Material to process:
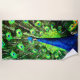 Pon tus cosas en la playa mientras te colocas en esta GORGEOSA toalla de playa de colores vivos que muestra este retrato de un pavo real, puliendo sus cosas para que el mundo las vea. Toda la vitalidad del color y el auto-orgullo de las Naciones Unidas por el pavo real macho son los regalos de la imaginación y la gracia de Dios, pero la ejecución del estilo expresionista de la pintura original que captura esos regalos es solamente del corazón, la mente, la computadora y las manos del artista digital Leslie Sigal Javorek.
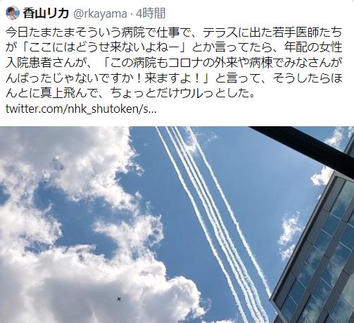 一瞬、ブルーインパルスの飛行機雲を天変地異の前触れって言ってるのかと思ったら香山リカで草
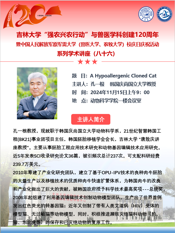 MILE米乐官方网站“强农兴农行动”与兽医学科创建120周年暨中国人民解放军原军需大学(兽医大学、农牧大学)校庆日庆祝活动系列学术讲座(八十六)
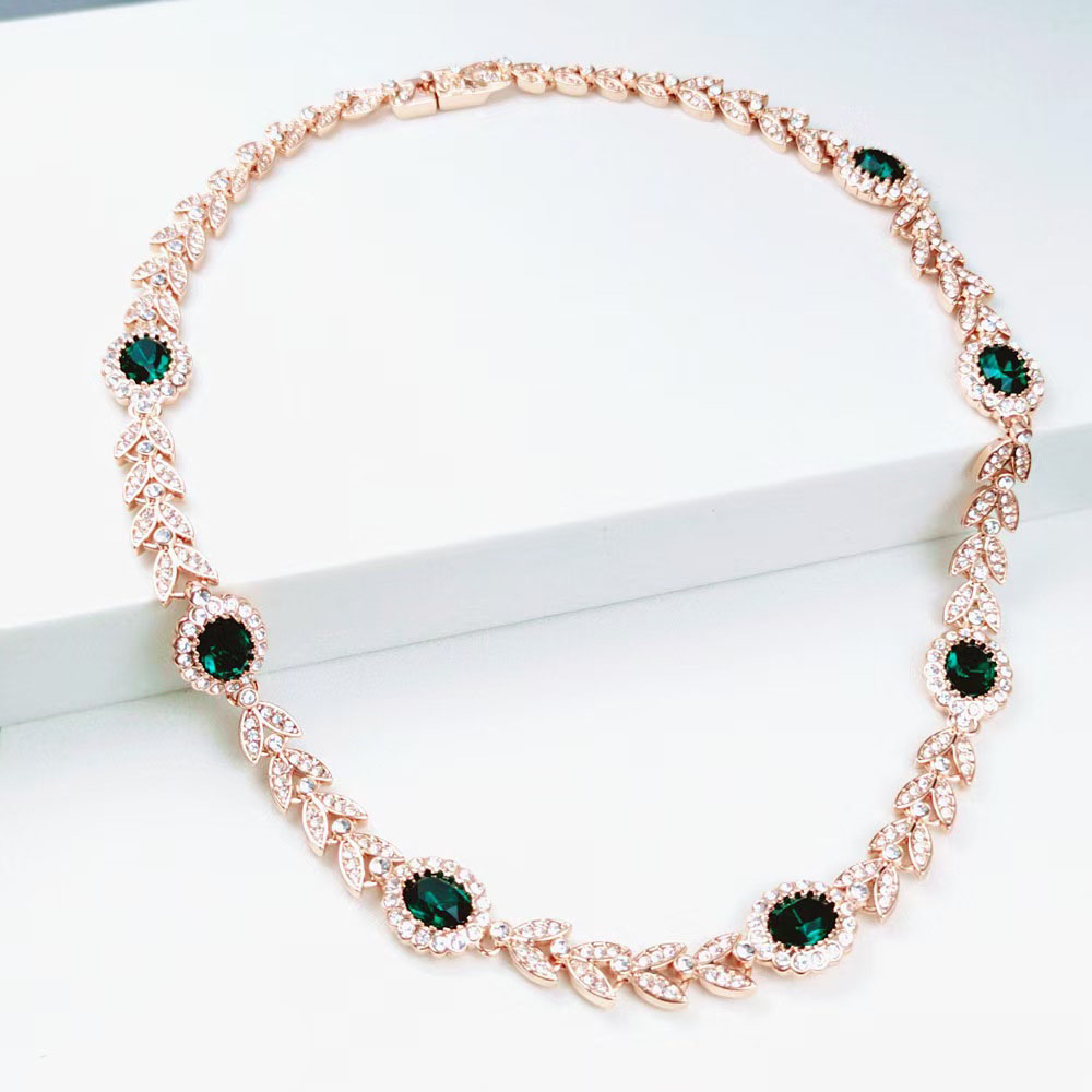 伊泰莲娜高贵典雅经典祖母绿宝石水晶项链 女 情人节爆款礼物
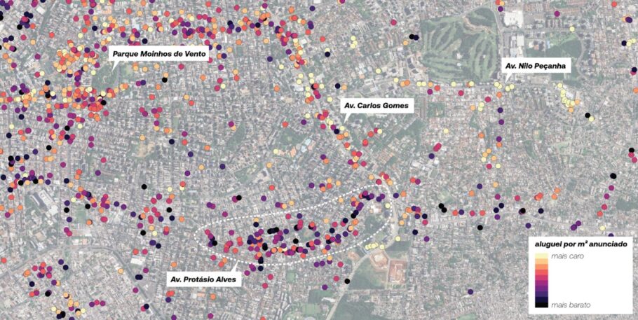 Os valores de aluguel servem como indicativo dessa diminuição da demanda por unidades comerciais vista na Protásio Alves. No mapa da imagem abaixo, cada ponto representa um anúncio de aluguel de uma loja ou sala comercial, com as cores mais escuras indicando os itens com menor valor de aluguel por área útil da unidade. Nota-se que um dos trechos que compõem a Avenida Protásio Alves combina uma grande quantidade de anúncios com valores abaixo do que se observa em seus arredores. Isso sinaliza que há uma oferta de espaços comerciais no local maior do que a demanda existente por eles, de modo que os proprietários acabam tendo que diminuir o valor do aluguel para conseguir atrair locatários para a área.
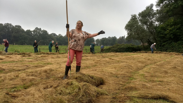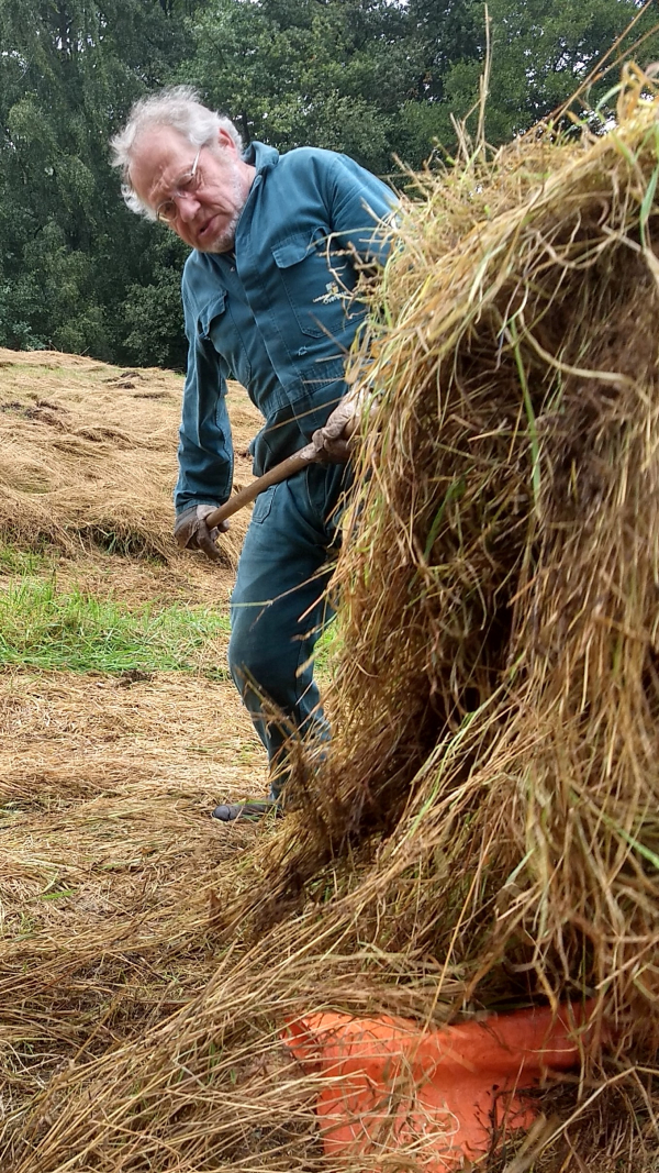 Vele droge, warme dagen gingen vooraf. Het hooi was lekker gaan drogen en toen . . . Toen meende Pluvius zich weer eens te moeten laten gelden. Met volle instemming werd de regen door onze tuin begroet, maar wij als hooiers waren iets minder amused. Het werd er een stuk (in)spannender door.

What is required: The reply should hold exactly the lines above, starting at the line with "一瞬、ブルーインパルスの飛行" and ending at the line with "伊泰莲娜高贵典雅经典祖母绿宝石水晶项链 女 情人节爆款礼物", and no pictures.

Solution for this problem:
 一瞬、ブルーインパルスの飛行機雲を天変地異の前触れって言ってるのかと思ったら香山リカで草
 MILE米乐官方网站“强农兴农行动”与兽医学科创建120周年暨中国人民解放军原军需大学(兽医大学、农牧大学)校庆日庆祝活动系列学术讲座(八十六)
 伊泰莲娜高贵典雅经典祖母绿宝石水晶项链 女 情人节爆款礼物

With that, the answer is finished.